1. What we are asked to determine is the meaning of the words “tax was recovered” in Section 50, Indian Income-tax Act. It is contended by the assessee that the word “recovered,” which ordinarily has the meaning of “taking back” must refer to the repayment of tax in the United Kingdom, referred to in Section 49, and that the words “tax was recovered” must be read as meaning “tax was refunded to the assessee under the provisions of Section 27, Finance Act, 1920.” Unfortunately for this contention we see that Section 50 is applicable not only to Section 49, but also to Section 48; and if we are to apply this meaning of the word “recovered” to Section 48, it would mean that when a person had obtained a refund under Section 48 he is given under Section 50 another year within which to apply for that same refund. This certainly makes nonsense of these two sections. The word “recovered” does not necessarily mean the actual taking back of what has been given as is obvious from its use throughout the Income-tax Act. In Section 18 (8) which deals with “deduction” of tax in advance, it is observed that:

the power to levy by deduction under this section shall be without prejudice to any other mode of recovery.

implying thereby that deduction is one mode of recovery.

2. Similarly, under Section 41, tax is “recoverable” from the Court of Wards, Administrator-General, etc., and there it does not mean “taken back.” It is suggested that tax can only be “recovered” by coercive process. The Act does provide for recovery by coercive process, but, even then, there is no taking back of what has been given any more than when the tax is received by voluntary payment. Possibly, there is an implication in the word “recover” that the tax is a sum which has to be deducted out of the income as really belonging to Government, and in that sense the word “recovered” would bear the meaning of “taking back.” Section 44(a) is also a very strong argument against the assessee’s contention as to the meaning of the word “recovered.” We are, therefore, satisfied that the words “tax was recovered” mean “tax was received by the Government,”
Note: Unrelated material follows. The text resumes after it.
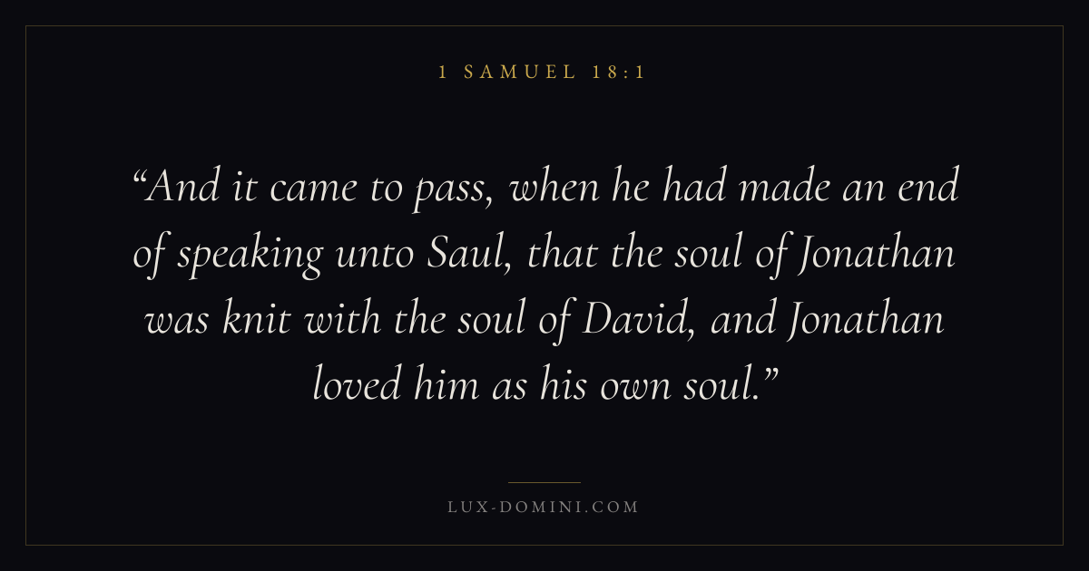 And it came to pass, when he had made an end of speaking unto Saul, that the soul of Jonathan was knit with the soul of David, and Jonathan loved him as his own soul.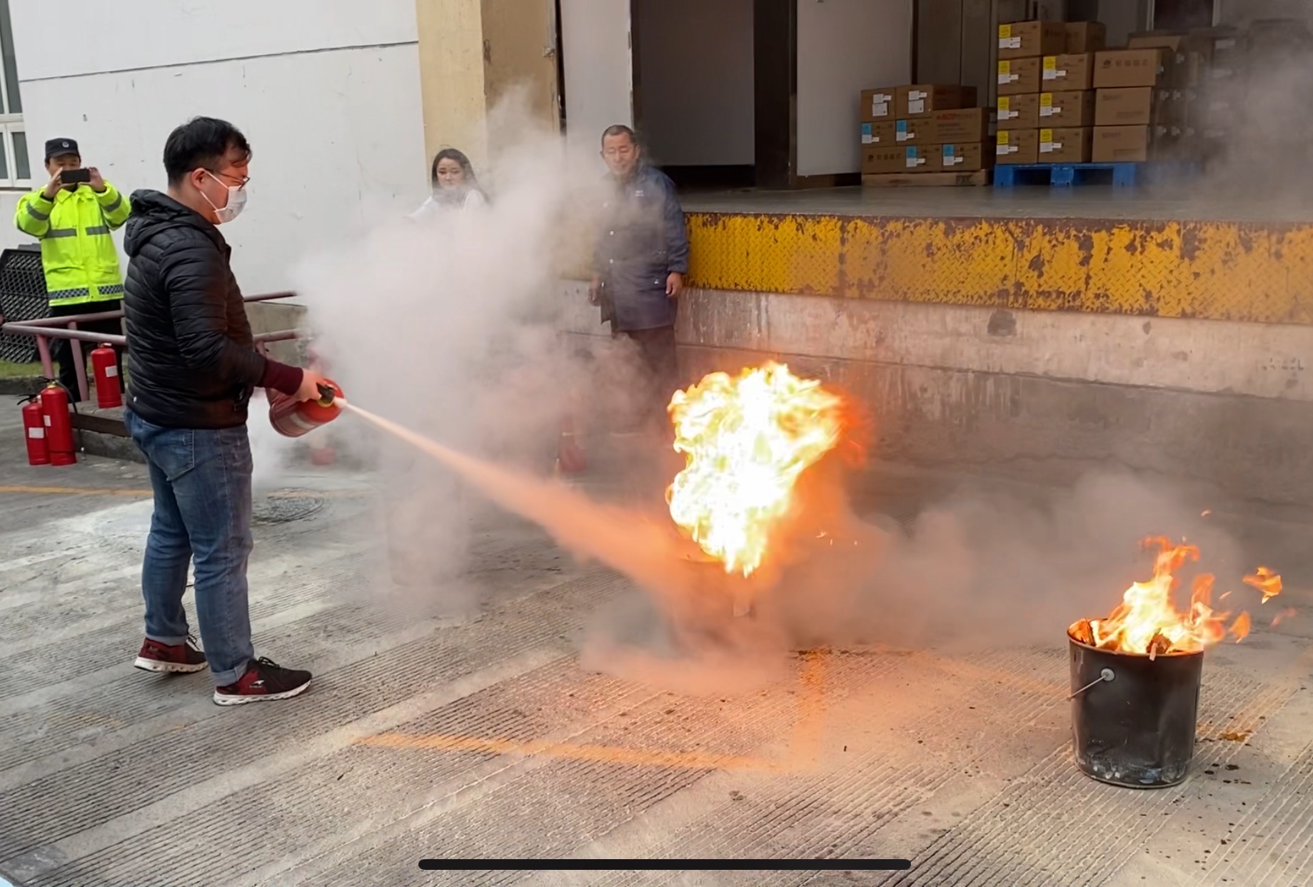 員工們在完成學習、掌握滅火器的使用技能后,紛紛上前進行演示。

3. It has been pointed out to us that this interpretation may cause hardship in individual cases where there has been delay on the part of the income-tax authorities in England in making the refund there, such delay not being due to the default of the assessee. We would point out that this hardship can only be obviated by an amendment of Section 50, and we are of opinion that this should be done by giving the Income-tax Commissioner power to extend the time in suitable cases. The petitioner will pay the costs of this application, i. e., counsel’s fee Rs. 250.